We have random variables $X,X_1,X_2,I_1$ and $I_2$ which are independent, $X,X_1$ and $X_2$ have the same distribution and $I_1,I_2 \sim \text{Bernoulli}\left(\frac{1}{2}\right)$. The following holds $$X = 2+I_1X_1+I_2X_2.$$ We need to compute the probability-generating function os $X$.

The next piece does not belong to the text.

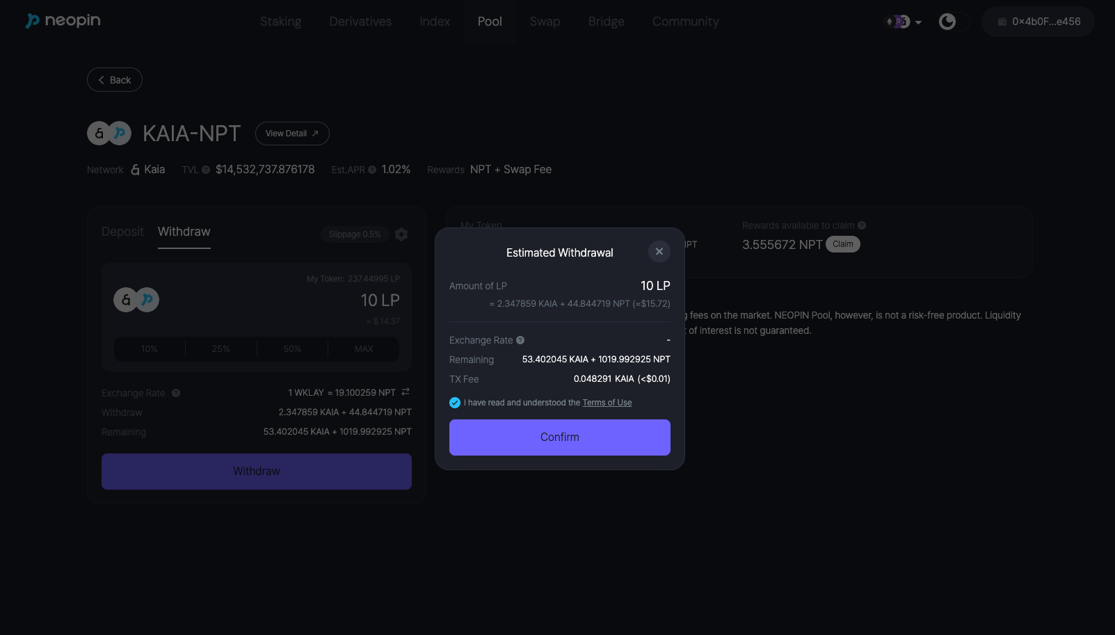 3. Review the "Estimated Withdrawal", and then click the **\[Confirm]** button. \

So $I_1$ and $I_2$ are indicators and we have:
- $X \mid \{I_1 = 1, I_2 = 1\} \sim 2+X_1+X_2$ therefore $\mathbb{E}[s^X\mid I_1 = 1, I_2 = 1] = s^2M_X(s)^2$,
- $X \mid \{I_1 = 0, I_2 = 1\} \sim 2+X_2$ therefore $\mathbb{E}[s^X\mid I_1 = 0, I_2 = 1] = s^2M_X(s)$,
- $X \mid \{I_1 = 1, I_2 = 0\} \sim 2+X_1$ therefore $\mathbb{E}[s^X\mid I_1 = 1, I_2 = 0] = s^2M_X(s)$,
- $X \mid \{I_1 = 0, I_2 = 0\} \sim 2$ therefore $\mathbb{E}[s^X\mid I_1 = 0, I_2 = 0] = s^2$.

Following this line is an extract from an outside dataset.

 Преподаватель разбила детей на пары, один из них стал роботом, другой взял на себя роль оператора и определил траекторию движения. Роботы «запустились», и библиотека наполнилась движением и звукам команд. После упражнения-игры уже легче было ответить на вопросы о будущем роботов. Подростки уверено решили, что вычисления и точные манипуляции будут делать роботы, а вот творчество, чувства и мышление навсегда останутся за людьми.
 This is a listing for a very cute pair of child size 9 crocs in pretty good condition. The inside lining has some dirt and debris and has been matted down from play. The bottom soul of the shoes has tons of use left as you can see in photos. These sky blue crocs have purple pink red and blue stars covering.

From there we get $$M_X(s)=\sum_{i,j\in\{0,1\}}\mathbb{E}[s^X\mid I_1 = i, I_2 = j]\cdot\mathbb{P}(I_1 = i, I_2 = j).$$ Because $I_1$ and $I_2$ are independent and $\sim \text{Bernoulli}\left(\frac{1}{2}\right)$ we get $\mathbb{P}(I_1 = i, I_2 = j)=\frac{1}{4}$. We get the equation $$M_X(s) = \frac{s^2}{4}M_X(s)^2 + \frac{s^2}{2}M_X(s)+\frac{s^2}{4}$$ and from there $$\frac{s^2}{4}M_X(s)^2 + \left(\frac{s^2}{2}-1\right)M_X(s)+\frac{s^2}{4} = 0.$$ Solving the quadratic we get $$M_X(s)=\frac{2-s^2\pm\sqrt{1-s^2}}{s^2}.$$
So now my question; which sign before the square root should I choose to get the PGF of $X$? (If I have made any mistakes, please correct me xD.)
There isn't a distribution for $X, X_1, X_2$ to satisfy the above properties. The series expansions for both roots are \begin{align*} G_1(s) = \frac{2-s^2 + \sqrt{1-s^2}}{s^2} &= 3s^{-2} - \frac{3}{2}s^0 - \frac{1}{8}s^2 - \cdots \\ G_2(s) =\frac{2-s^2 - \sqrt{1-s^2}}{s^2} &= s^{-2} \color{red}{- \frac{1}{2}s^0} + \frac{1}{8}s^2 + \cdots \end{align*} For $G_1(s)$, all coeffients are not bounded between $[0, 1]$, and for $G_2(s)$, the coefficient of $s^0$ is negative.
In general, you verify if the resulting solutions satisfy the properties of a PGF; if multiple solutions satisfy, then you have non-unique distributions which satisfy your original property.